The ABCs of the SAT

(Wes Bausmith / Los Angeles Times)

OK, a quick quiz for readers: Was the Op-Ed article entitled “Just My Luck” in The Times on March 23

(a) Good writing

(b) A compelling argument

(c) An indictment of test-taking


(d) All of the above?

Delightedly — or maybe dutifully — a number of Times letter writers answered (a) (b) (c) and (d) in response to Haskell Flender’s piece on the SAT.

The high school junior described taking his test days after the College Board announced upcoming revisions to the “flawed” exam that, among other things, “tests antiquated vocabulary” and is a “poor predictor” of college success. Here are a few of the responses from readers.

-- Sara Lessley, letters department


Eileen Flaxman of Sherman Oaks countered in kind:

Kids have been whining about the SAT for generations.

But let’s not forget the inherent practical value of this rite of passage: a) set a goal, b) prioritize our schedule, c) manage our anxiety, d) put everything we’ve got into it on test day, and finally, e) let go of remorse, regret and be proud that we did all we could.

Now that’s a learning experience.

Stephen Mattson of Los Osos offered his own lesson:

How pleasantly ironic to read a piece in which the author employs the very skills he decries to fashion an organized and nicely written (if rather predictable and shallow) argument against sophistication and complexity.

Man, U R for sure 1 lucky dude, dude!

Joan Le Vantine of Palm Desert, among others, backed the critique on test-taking:


Congratulations to this high school student for his intelligent, right-on views of the current SAT test.

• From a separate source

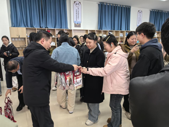随后,学院领导为考研学子一一送上精心准备的“考研温暖加油包”。礼包外包装印有k1体育院徽与醒目的“高分上岸”祝福语,其中装有暖意融融的暖宝宝、舒缓疲劳的眼罩、随手可捏的解压捏捏乐、学院定制书签、寓意好运的精美挂件、书写顺遂的“上岸笔”、实用笔记本以及老师和学弟学妹们手写的祝福信等多样贴心物品。每一份礼物都凝聚着学院对同学们深切的关怀与真挚的鼓励。接过加油包的学子们倍感温暖,纷纷对学院的悉心安排表达了由衷的感谢。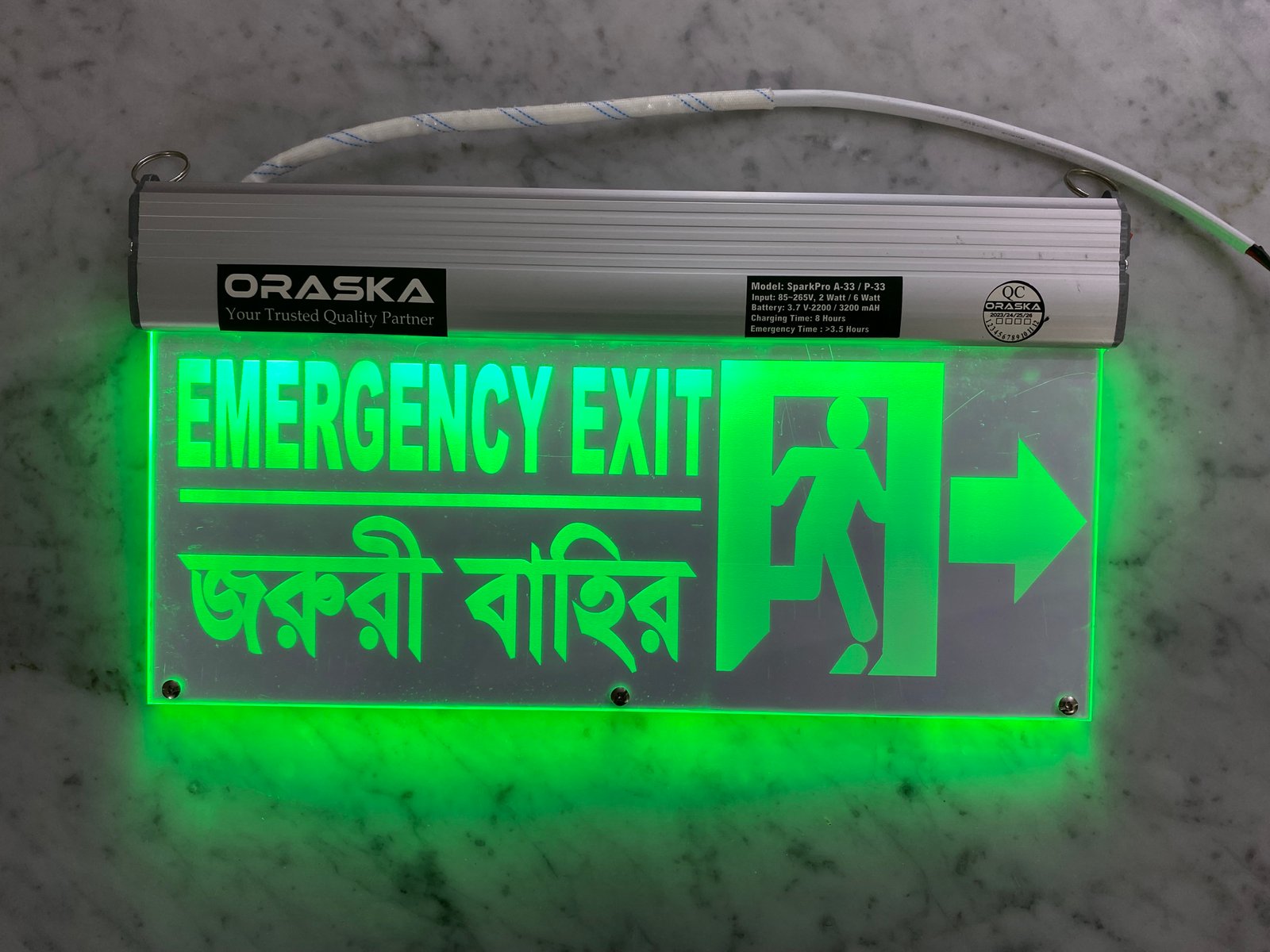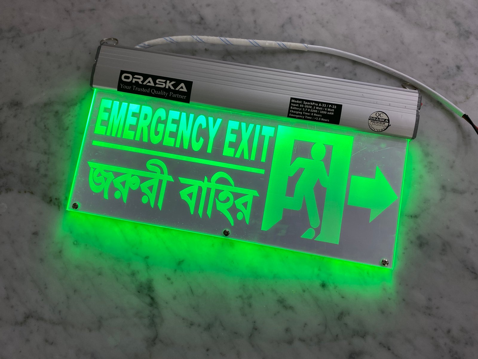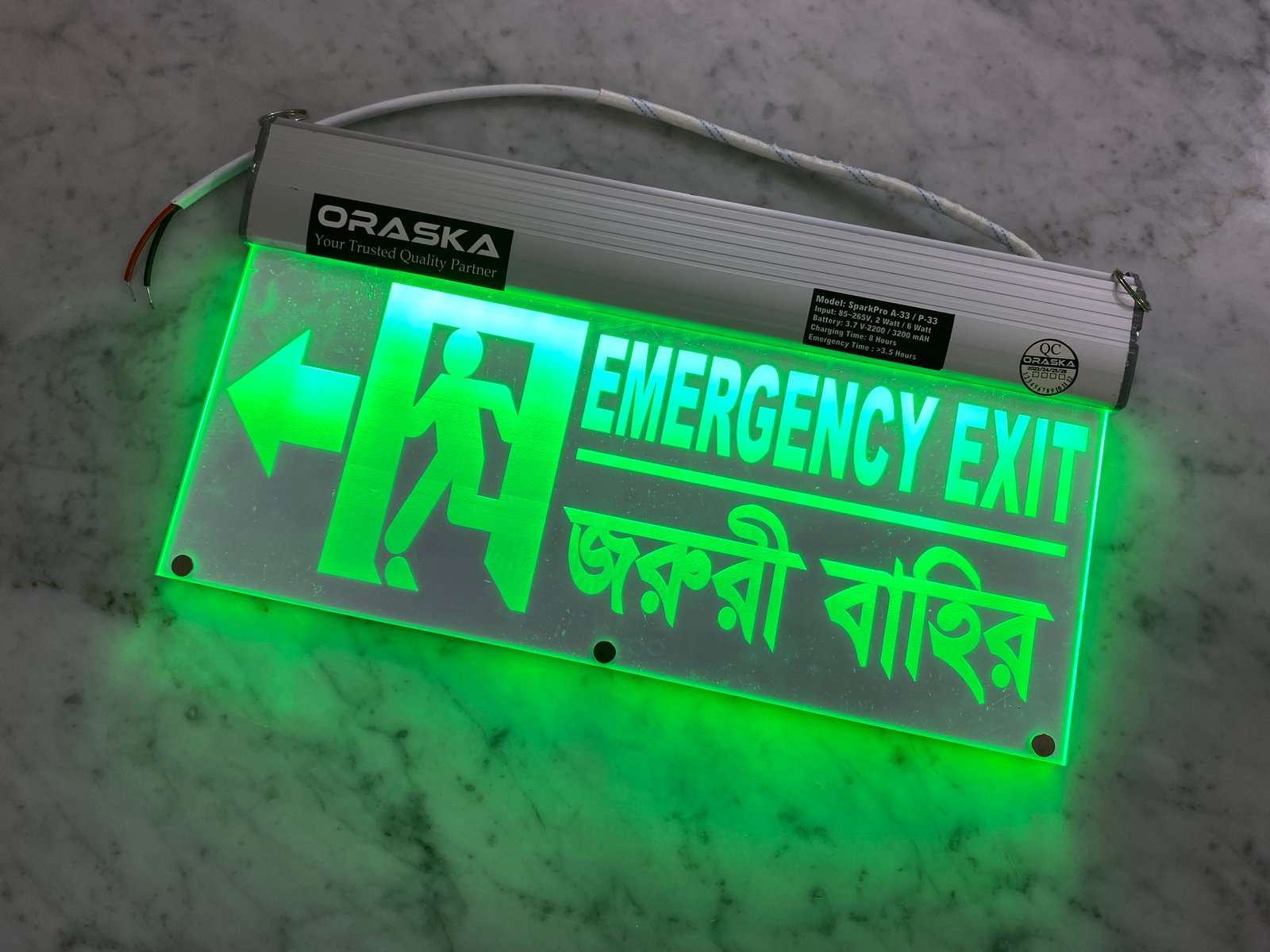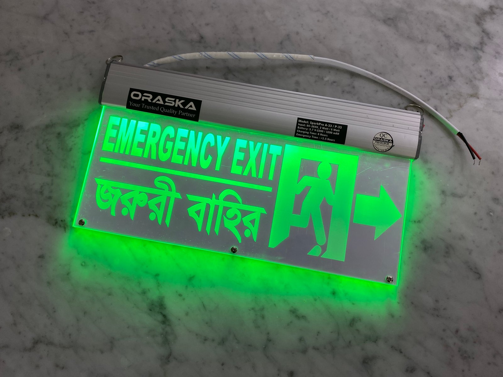 The ORASKA SparkPro AA-33 Smart Color Contrast Exit Sign Light is a premium-grade emergency signage solution, designed with 3-layer acrylic construction for maximum clarity, durability, and safety compliance. Its unique build features a green acrylic middle sheet sandwiched between two clear acrylic sheets, both machine-engraved on opposite faces to produce a crystal-clear and highly visible exit sign from both directions.

He is absolutely correct in questioning the use of this admittedly flawed test as a guide for college admission personnel.

Where is the logic in this requirement?

Exactly, added Giuseppe Mirelli of Los Angeles:

The vocabulary words are “antiquated” only because they’re not being used …. As we simplify everything, we also simplify our minds; consequently, the culture we once had fades away to what we have now -- the culture of today; a “culture” antithetical to the word’s meaning.

And Linda Winters of Culver City was not alone in offering praise:

This should have been the essay he wrote for his SAT; then he would be “in like Flynn.”

What a clever, entertaining and meaningful piece of writing.